Лицо Ивана Васильевича стало грозным.
Глаза насквозь пронизывали смятенную колычевскую душу.
– У Сатина находился в дому и грешные речи там слушал... Тьфу! – Колычев стал брезгливо отплевываться. – Сам ни словечка яз не сказывал, токмо слушал.. Клянусь всем своим родом, своей жизнью и боярской честью!
Глядя искоса на разведенный в углу огонь, на все эти щипцы и железные прутья, на безбровое, безволосое лицо ката, боярин Никита Борисыч рассказал, что видел и слышал в доме Сатина. Об одном, однако, он умолчал, что бояре обсудили не мешать войне с Ливонией, а, наоборот, со всем усердием громить Ливонию, добиваясь тем самым, с одной стороны, доверия и расположения царя, с другой – наибольшей погруженности царя Ивана Васильевича в ливонские дела, чтоб от того выгода Крыму и Польше была явная.

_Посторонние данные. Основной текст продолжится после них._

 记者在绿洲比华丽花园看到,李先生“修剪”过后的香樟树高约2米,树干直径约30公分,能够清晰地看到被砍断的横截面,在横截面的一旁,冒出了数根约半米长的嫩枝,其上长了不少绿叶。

Больше всего он порочил князей Одоевских, особенно Никиту Одоевского, которого втайне издавна недолюбливал, еще со времен казанского похода, за его расположение к царю. Вообще Никита Борисыч порочил всех тех бояр, которых ему было не жалко и с которыми когда-либо он имел местнические счеты.

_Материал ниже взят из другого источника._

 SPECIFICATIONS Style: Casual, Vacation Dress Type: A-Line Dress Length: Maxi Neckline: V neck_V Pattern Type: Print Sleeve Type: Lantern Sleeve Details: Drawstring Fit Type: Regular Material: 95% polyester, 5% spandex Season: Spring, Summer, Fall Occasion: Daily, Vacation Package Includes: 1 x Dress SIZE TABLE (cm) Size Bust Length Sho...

Выслушав его, царь спросил:
– Обо всем ли ты мне поведал, что было? Не утаил ли что с умыслом? Не говорили ли там чего о князе Владимире и о заволжских старцах?
– Пускай убьет меня ворог на войне иль дикие звери растерзают в пути, ежели хоть крупинку утаил яз, не поведав тебе, великий государь!
– Был ли Курбский на том сборище?
– Нет, батюшка-государь, чего не было, того не было.
– А знал ли Алексей Адашев о том сборище?
– Так яз понял из речей Сатина и Турова, будто ему неведомо то было, ибо просили у Сатина бояре, чтоб никто Алексею о том не говорил ни слова... держали от него втайне.
Выражение лица у Ивана Васильевича смягчилось. Царь и сам не допускал, чтоб Адашев строил козни против него; считал его, несмотря на разногласия о войне, честным.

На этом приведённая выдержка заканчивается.